Records contained in a dataset:
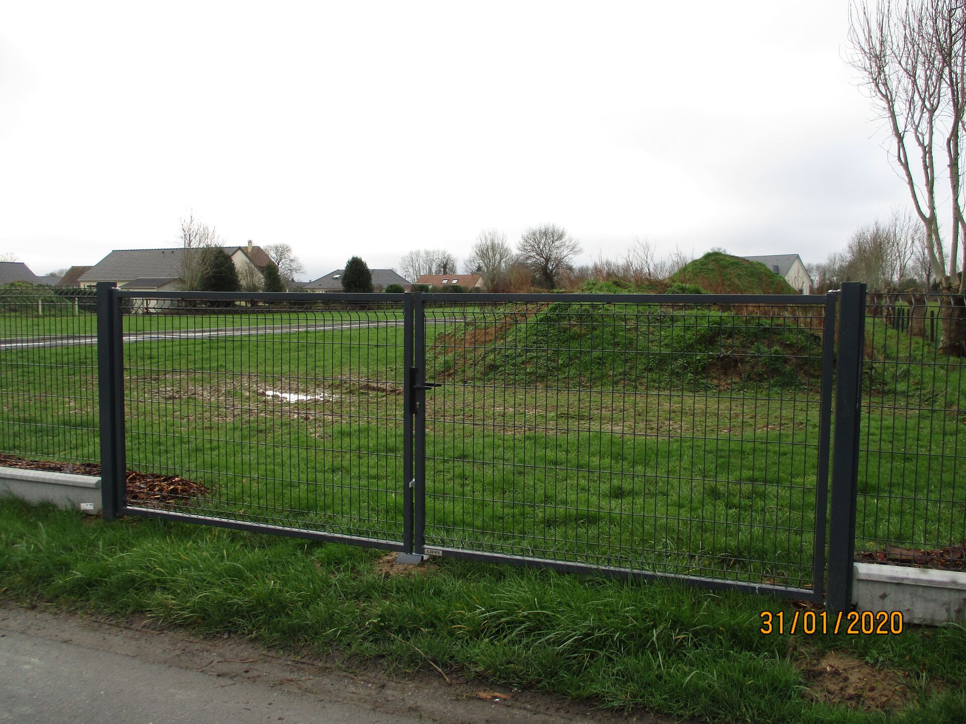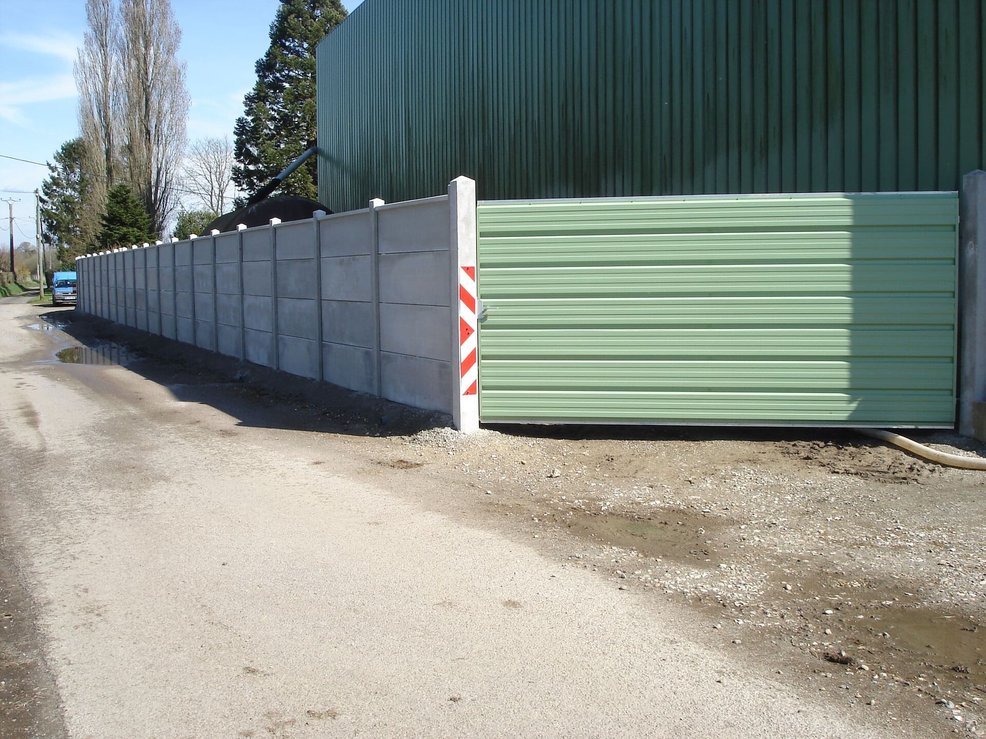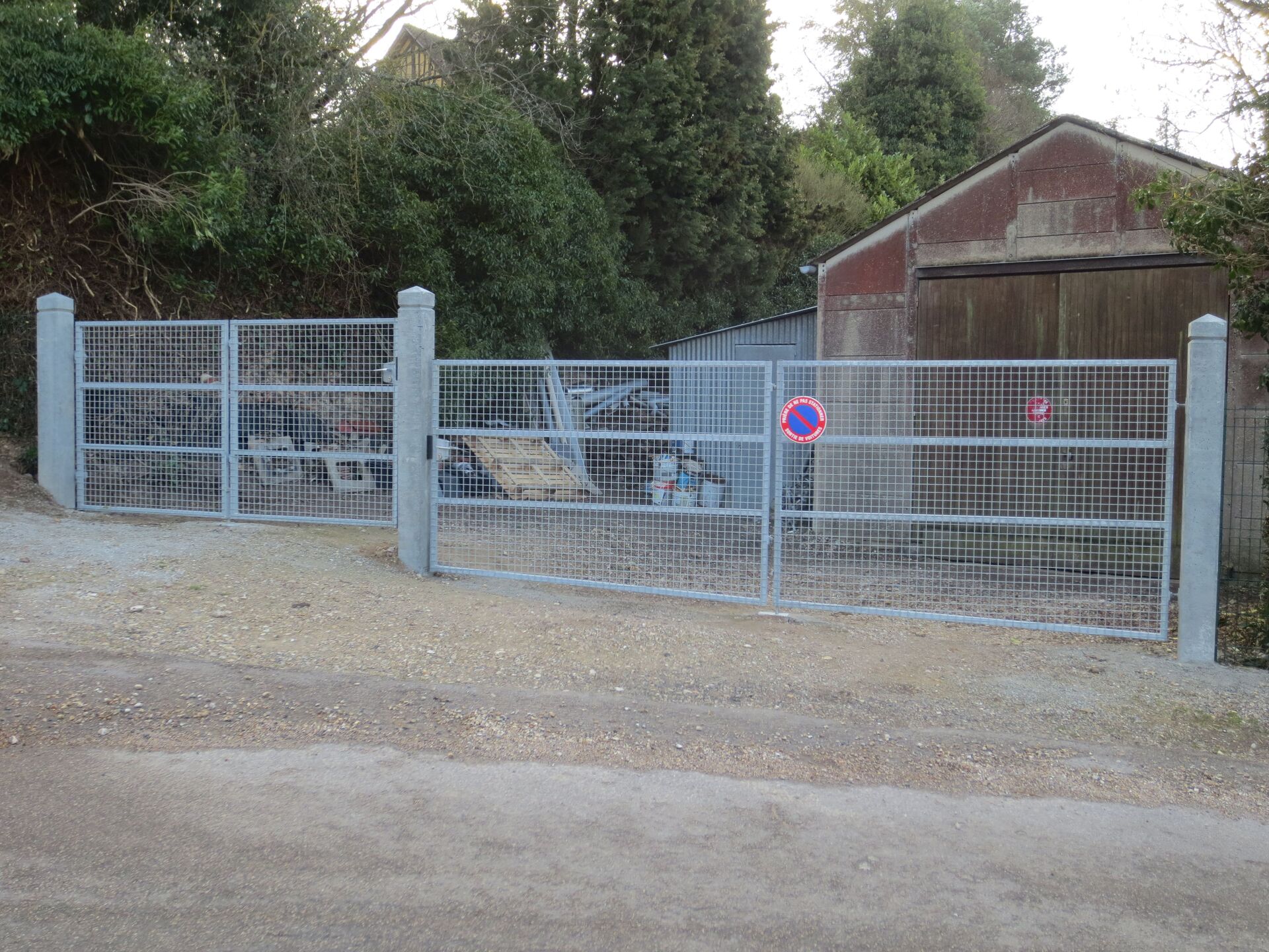 Chaque vantail est monté sur des gonds robustes avec un scellement précis des poteaux supports pour assurer la stabilité du linéaire.
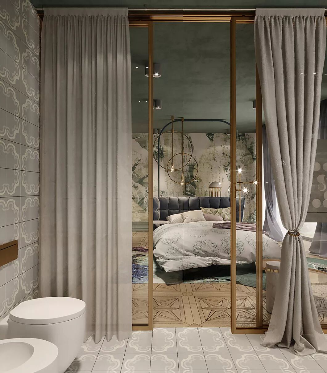 卧室以灰绿色为主
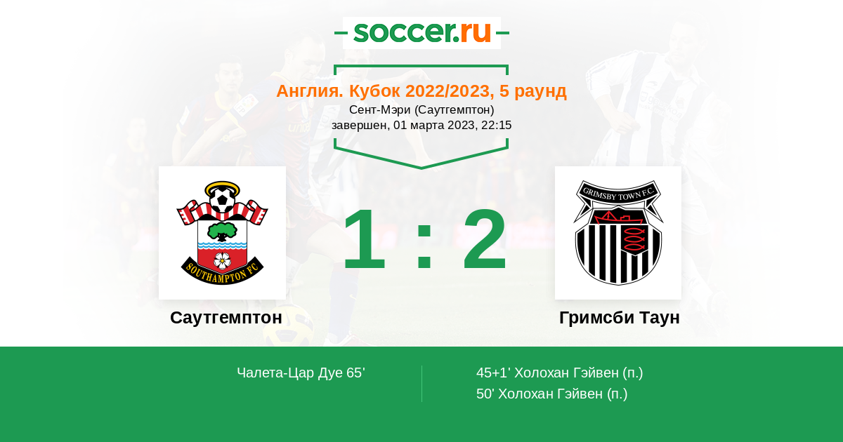 Протокол матча Саутгемптон против Гримсби Таун
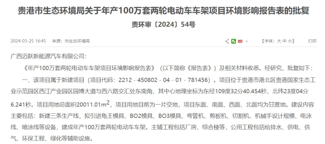 《年產(chǎn)100萬套兩輪電動車車架項目環(huán)境影響報告表》(以下簡稱《報告表》)及相關(guān)材料收悉。經(jīng)研究,批復(fù)如下:
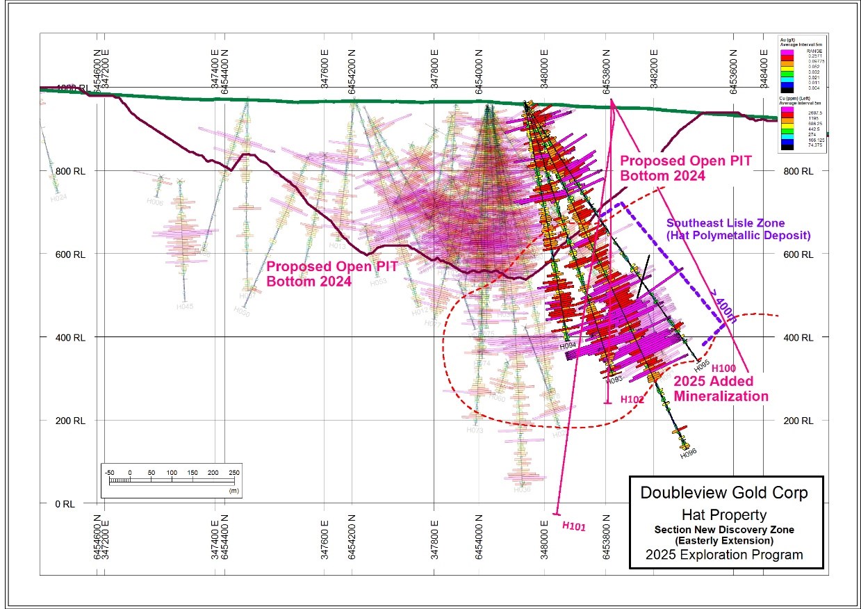 Vancouver, British Columbia--(ACN Newswire - October 23, 2025) - Doubleview Gold Corp (TSXV: DBG) (OTCQB: DBLVF) (FSE: 1D4) ("Doubleview" or the "Company") is pleased to report that ongoing drilling at its 100%-owned Hat Polymetallic Deposit in northwestern British Columbia has extended the mineralized system approximately 320 meters eastward, further confirming that the deposit remains open in multiple directions. The 2025 exploration program continues to expand the mineralized envelope, with results expected to contribute significantly to the upcoming Mineral Resource Estimate (MRE).
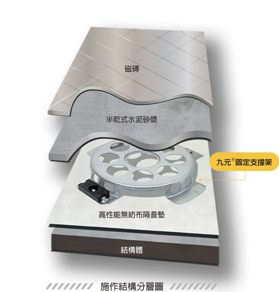 九元®樓板隔音系統將永久隔音層再升級!,除了具備高性能隔音墊外,更重要是搭配專利的九元金屬固定支撐架,此金屬固定支撐架能提供三大功能,可提升樓板隔音構造穩定程度:
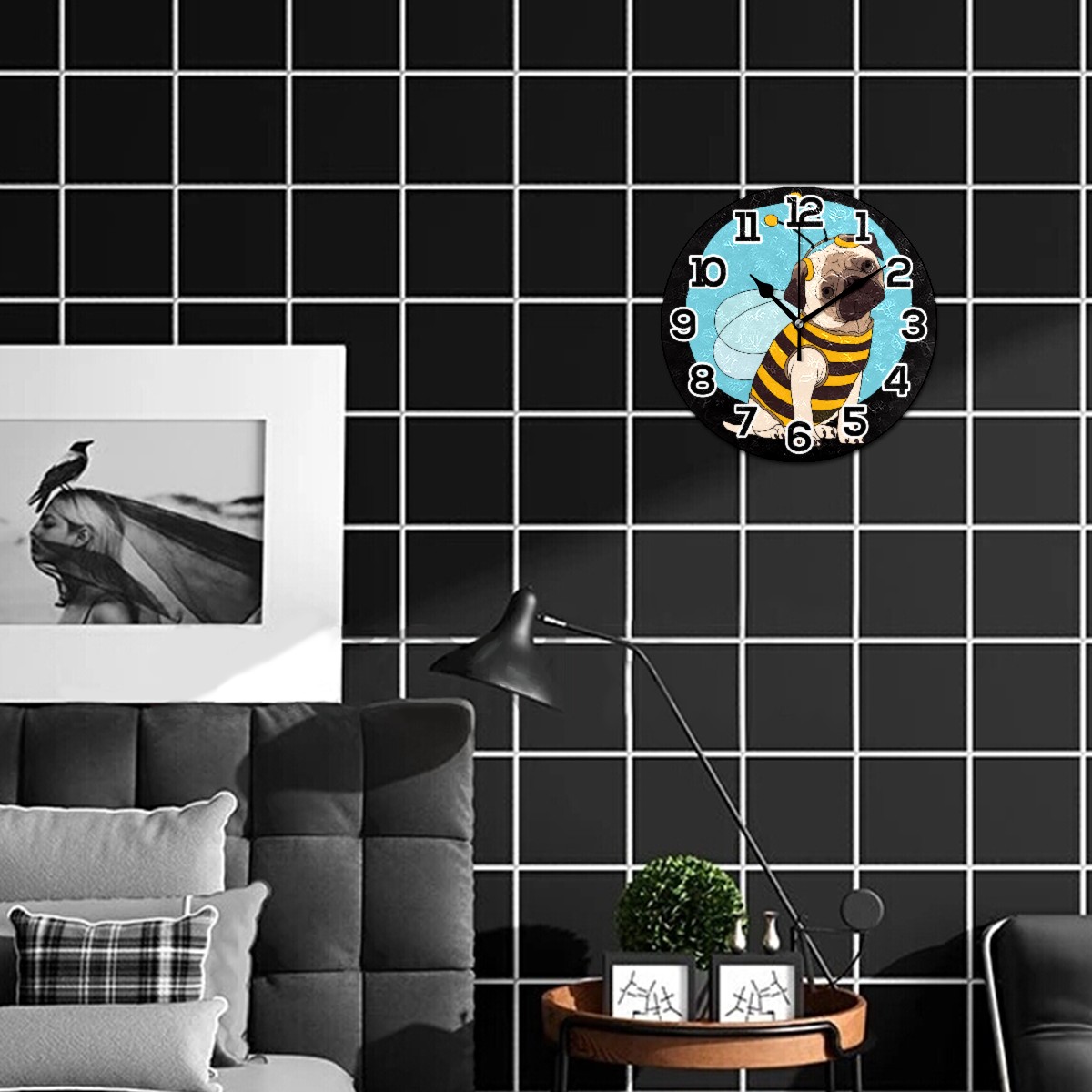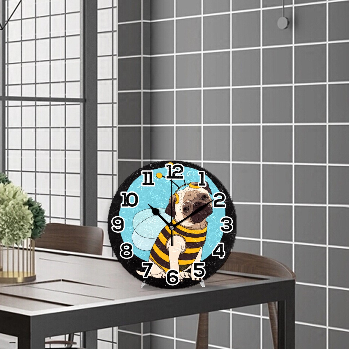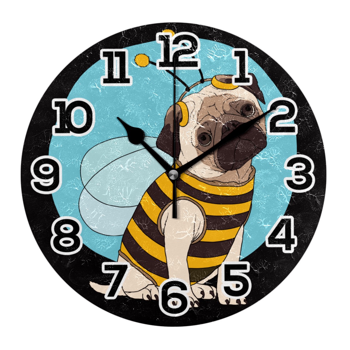 Funny Pug Puppy Dog Bee Clock Wall Decor Acrylic Decorative Round Battery Operated Wall Clocks for Home Bedroom Living Room Decor Silent Non Ticking
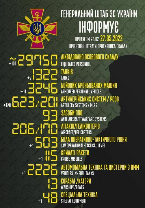 Общие боевые потери военных России с 24.02 по 27.05 составляют уже 29 750 вояк.
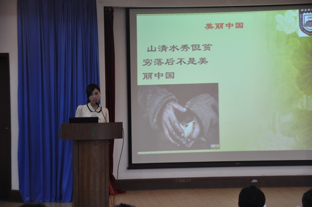 全国大学生“自强之星”提名奖获得者侯云,青马工程培训班学员代表顾梦苏、杨书闻,学生社团代表、纵横时政社社员朱宇婷,学生干部代表、校学生会主席于施洋分别围绕“梦想的力量——我的中国梦”这一主题,从不同角度发表演讲。演讲题目分别是《一个人的梦想和许多人的梦想》、《关于当代青年梦想问题的调查报告》、《青山傍绿水,美丽中国梦》及《常怀梦想,坚持实践》。党委宣传部部长王宵前、思想政治理论课教研中心副主任张琴芬、党委宣传部副部长李安林、学工处处长刘贵友作为点评嘉宾先后就演讲作点评。
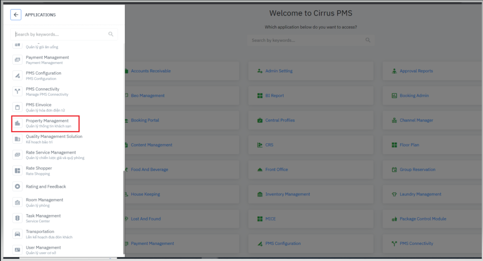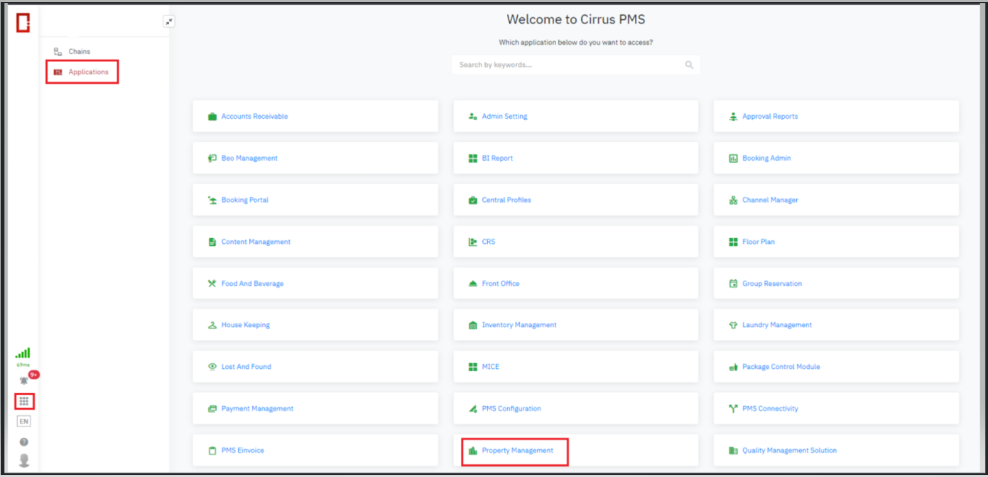 Login - Applications - Property Management ![]() ឬ click ទៅកាន់រូបតំណាង “table” - ជ្រើស Property Management ![]() |
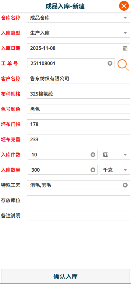 - 坯布生產入庫記錄的查詢、新增等操作。
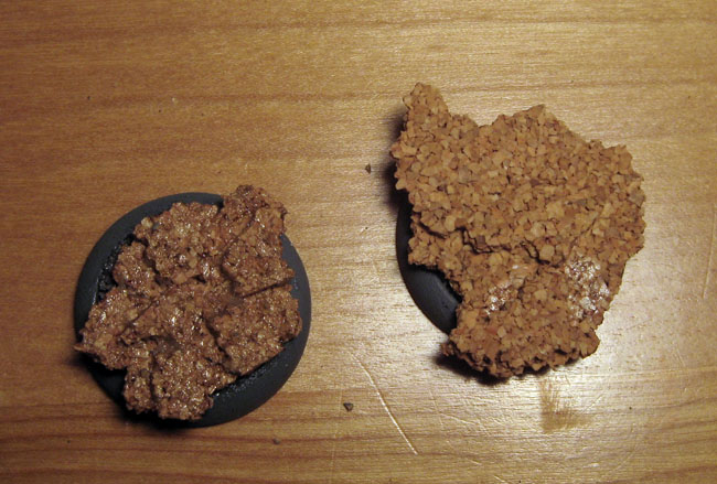 The bases will represent barren landscape, so I decided that cork shaped and mashed will do the trick.

* WHAT IS REQUIRED
In the records above, find the line with "Vancouver, British Columbia--(ACN" and the line with "Общие боевые потери". Write out exactly those lines and every one between, with no pictures and no other lines.

* WRITTEN ANSWER
 Vancouver, British Columbia--(ACN Newswire - October 23, 2025) - Doubleview Gold Corp (TSXV: DBG) (OTCQB: DBLVF) (FSE: 1D4) ("Doubleview" or the "Company") is pleased to report that ongoing drilling at its 100%-owned Hat Polymetallic Deposit in northwestern British Columbia has extended the mineralized system approximately 320 meters eastward, further confirming that the deposit remains open in multiple directions. The 2025 exploration program continues to expand the mineralized envelope, with results expected to contribute significantly to the upcoming Mineral Resource Estimate (MRE).
 九元®樓板隔音系統將永久隔音層再升級!,除了具備高性能隔音墊外,更重要是搭配專利的九元金屬固定支撐架,此金屬固定支撐架能提供三大功能,可提升樓板隔音構造穩定程度:
 Funny Pug Puppy Dog Bee Clock Wall Decor Acrylic Decorative Round Battery Operated Wall Clocks for Home Bedroom Living Room Decor Silent Non Ticking
 Общие боевые потери военных России с 24.02 по 27.05 составляют уже 29 750 вояк.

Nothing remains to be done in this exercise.